Mark Willingham Uncategorized

Massachusetts: A kegful of self-serving arguments

 

Source: Boston Globe

By Dante Ramos

July 14, 2016

 

The usual recipe for booze regulation is: one part public interest, nine parts rent-seeking.

 

As the Globe’s Dan Adams recently reported, local craft beer brewers have been trying for years to win the right to switch distributors, and they made a hail-Mary effort this week to change state law accordingly. Once a brewer signs on with a distributor, the existing beer franchise statute makes it difficult for them to escape – even if the distributor is lackadaisical, or worse, at promoting the brewer’s product. State Senator Barbara L’Italien filed a measure Wednesday to weaken that statute.

 

Its prospects look dim. Time in this legislative session is running short – and the wholesalers that distribute beer, wine, and liquor have too much muscle on Beacon Hill.

 

To economists, “rent-seeking” is when some group uses its power to extract benefits that aren’t otherwise justified. Think of the troll that hides behind a bridge he doesn’t own and then jumps out to demand money from travelers who cross it. The public policy equivalent is when some entrenched interest uses its political muscle to protect its own money or turf at the expense of somebody else’s. The beer franchise law is a classic example.

 

Ever since Prohibition, state governments in Massachusetts and elsewhere have heavily regulated the supply chain for alcohol. This micromanagement was supposed to promote moderate consumption and, perhaps, to keep would-be Al Capones from dominating the newly legalized industry. Yet the setup also carved out a legally protected role for distributors. Over the years, distributors have given generously to lawmakers and lobbied them intensely. In the 1970s, when they feared abandonment by the likes of Miller and Anheuser-Busch, the Legislature essentially forbade the big beer companies from divorcing them.

 

The beer market has changed since the 1970s, and large distributors have tremendous power over today’s small brewers. But amid rising concerns about inequality, the distributors are portraying any change in the existing law as a threat to Mom and Pop.

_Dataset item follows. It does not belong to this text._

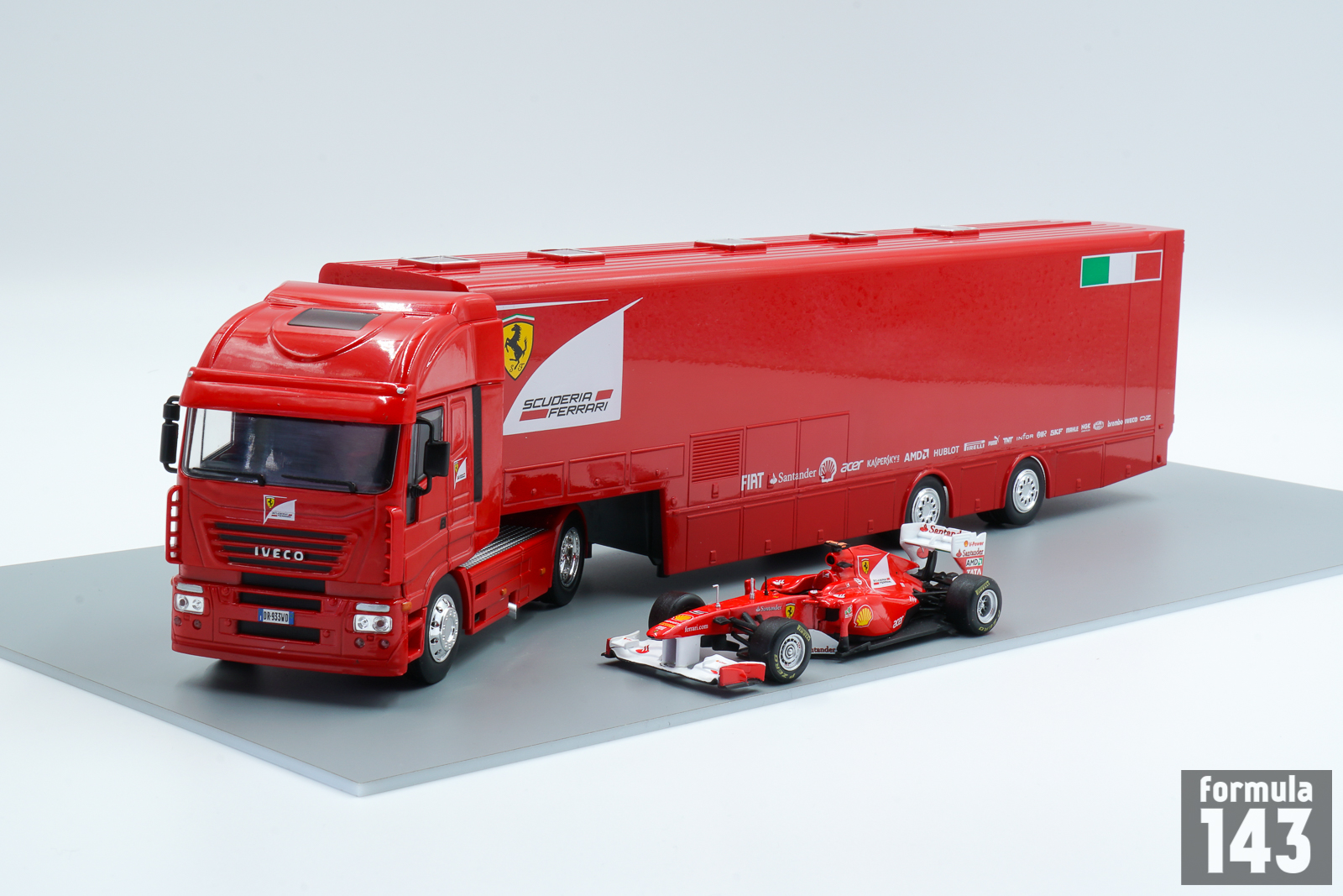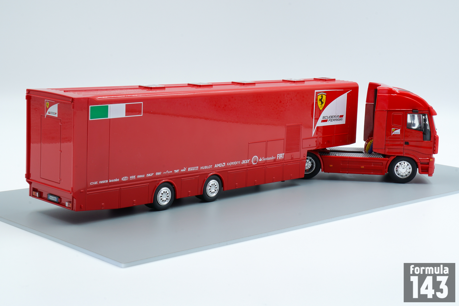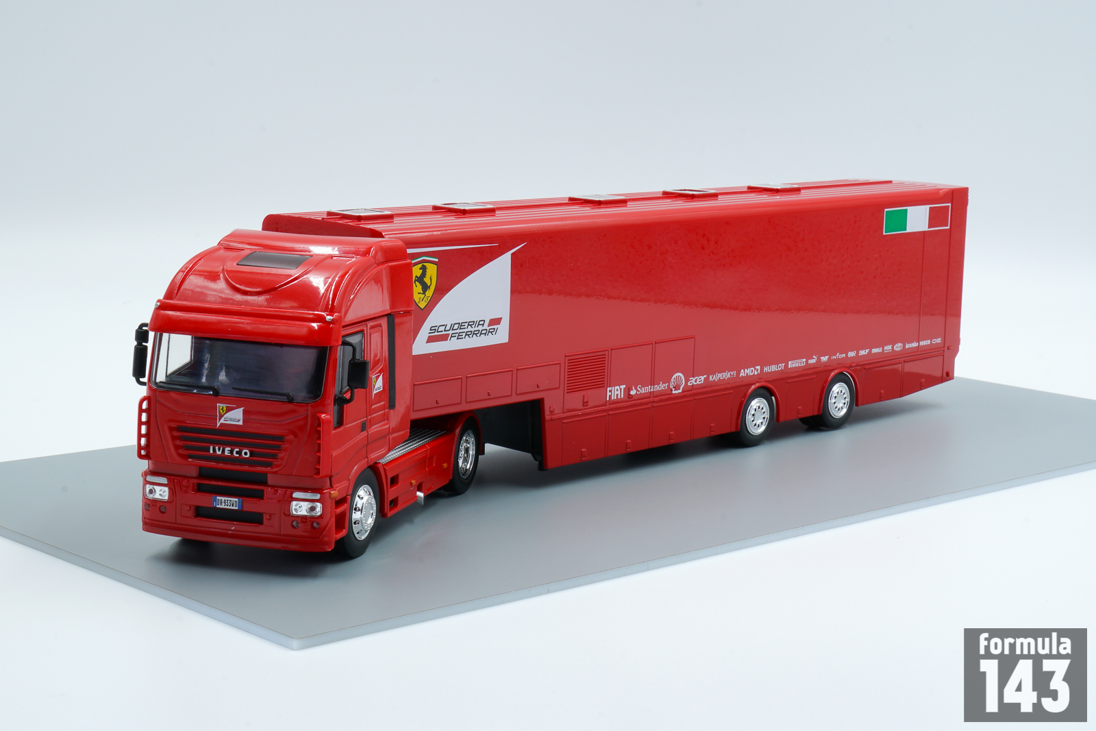 The Iveco Stralis is a heavy-duty truck produced by the Italian manufacturer Iveco between 2002-2019. The original Stralis, introduced in 2002, was the first heavy truck with an automated gearbox as standard equipment. The power unit was the Diesel Iveco Cursor F1B developing 310 to 560 hp. In 2007, the Stralis range has undergone a very significant evolution with the presentation of the second series. The cabin has been completely redesigned inside, to improve the comfort and safety of the driver but also outside to reduce consumption. For a long time in 2000s Stralis trucks were used by Scuderia Ferrari F1 team. This one is from 2011 season.
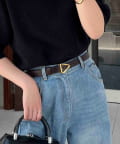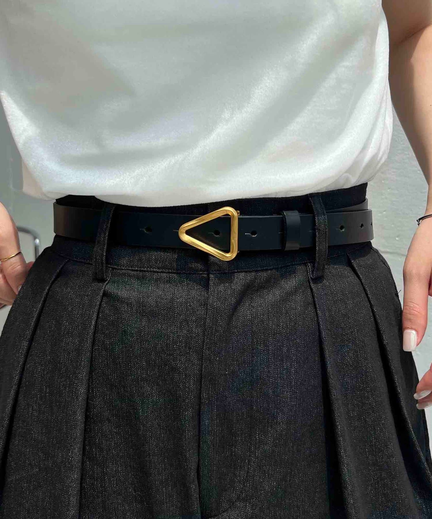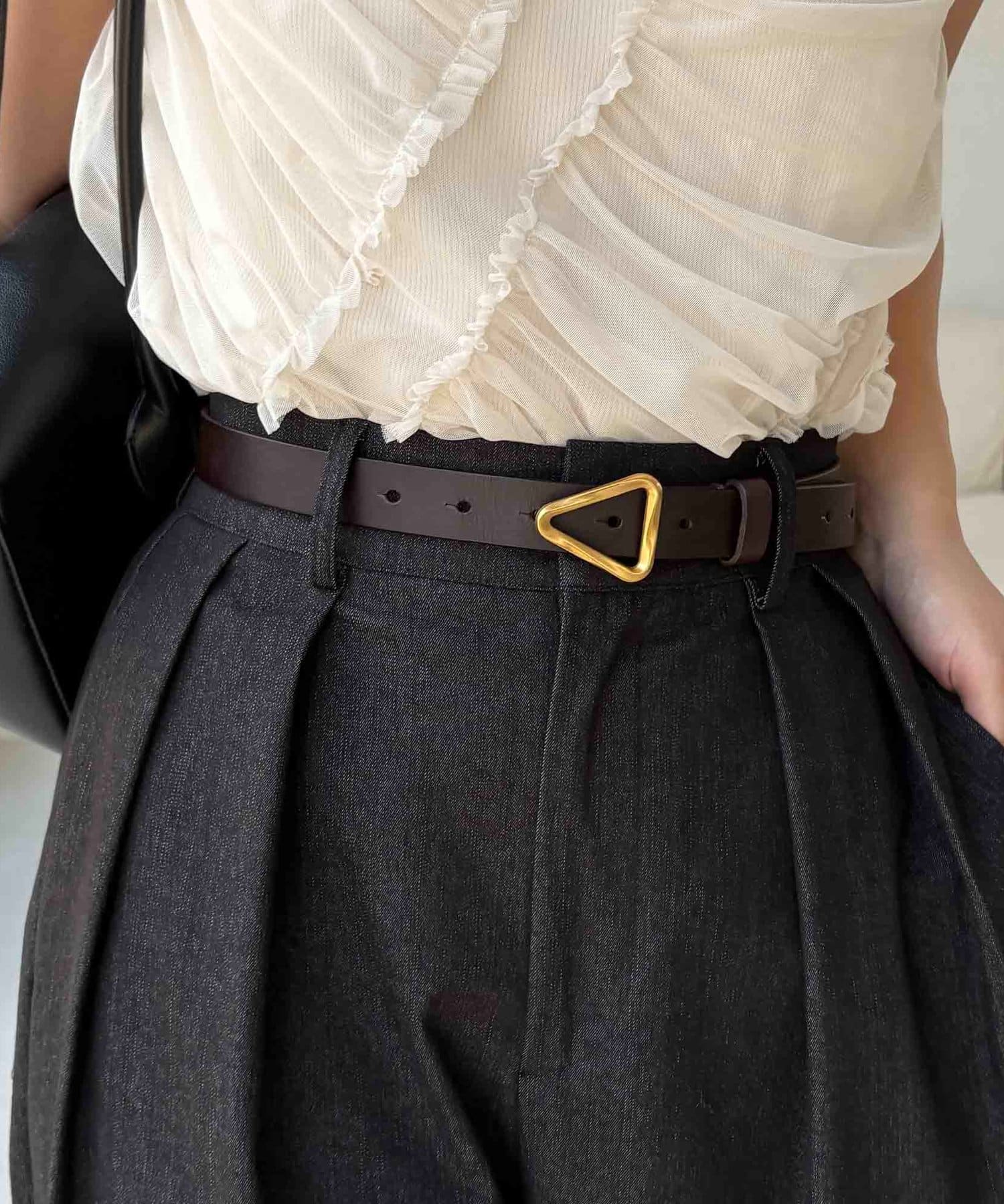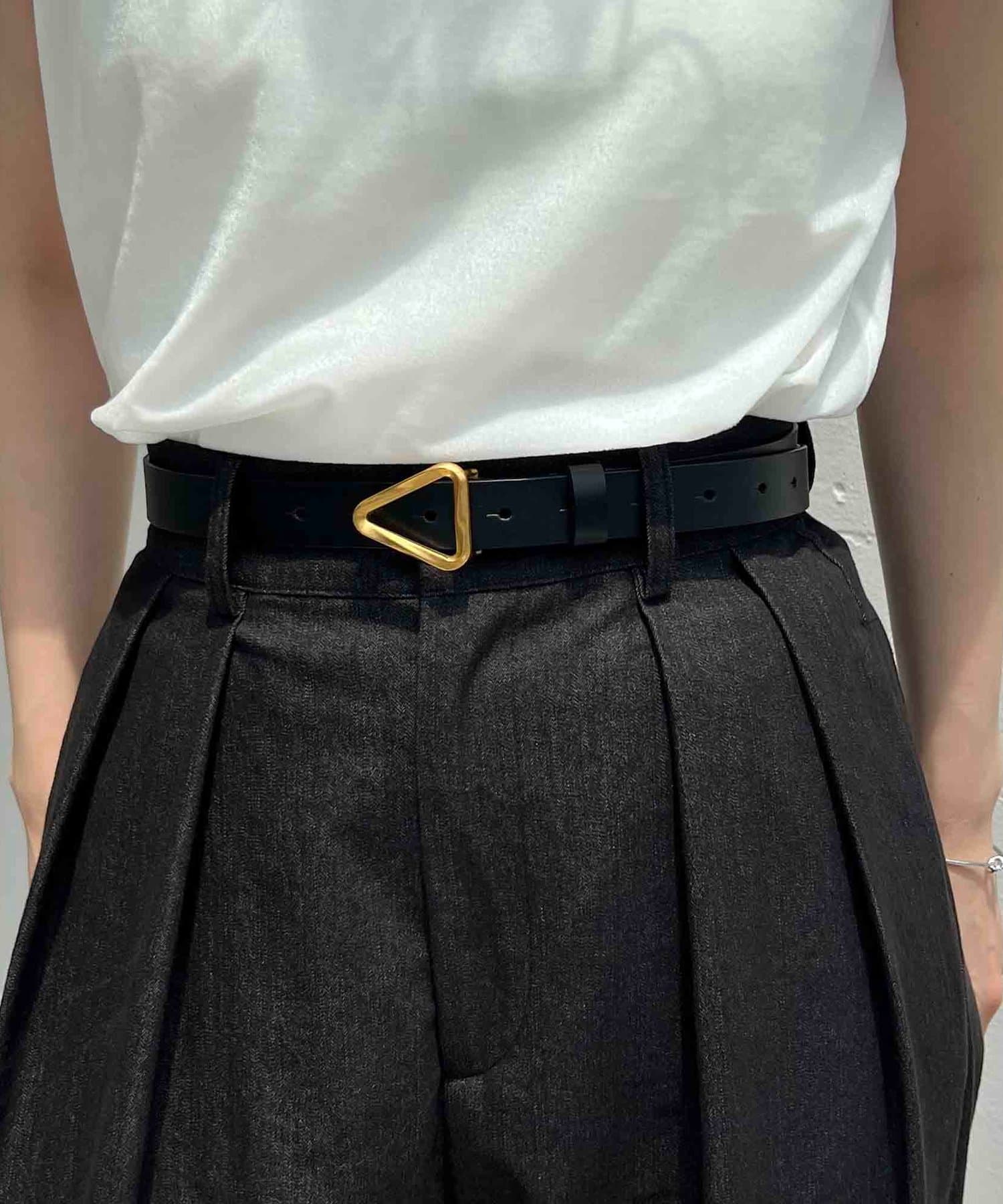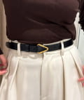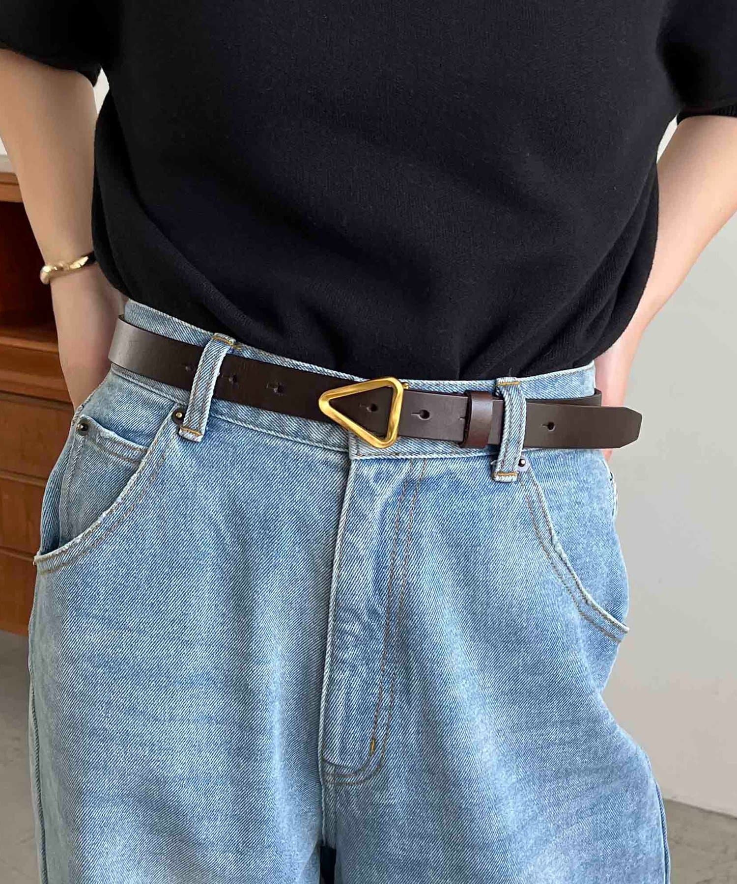 ビンテージ感のある三角のバックルがおしゃれ見え

From Adams’ story:

 

“This is a last-minute, back-door attempt to force a more extreme version of a long-rejected bill into law,” Bill Kelley, president of the Beer Distributors of Massachusetts, said in statement [about L’Italien’s legislation]. “This amendment hurts locally-owned family businesses, hurts working families, and uses an approach completely lacking in transparency, openness, and public deliberation.” Distributors argue the current system works just fine, pointing to the greater-than-ever selection of craft beer.

 

Please. Small brewers employ people, too. And brewers surely understand their own interests far better than the distributors who are trying to keep them locked down.

 

In today’s market, brewers and distributors should be capable of collaborating or parting ways without any supervision from the government, just as producers and wholesalers of zillions of other products do. And despite House Speaker Robert DeLeo’s exhortation that both sides of the beer dispute should “get serious about coming to the table,” distributors have no incentive to concede anything at all.

 

If nothing else, they know how the game is played. Effective rent-seeking requires a veneer of altruism – a pretense that a policy like the franchise law somehow serves the public good, no matter how much of a special-interest ploy it is.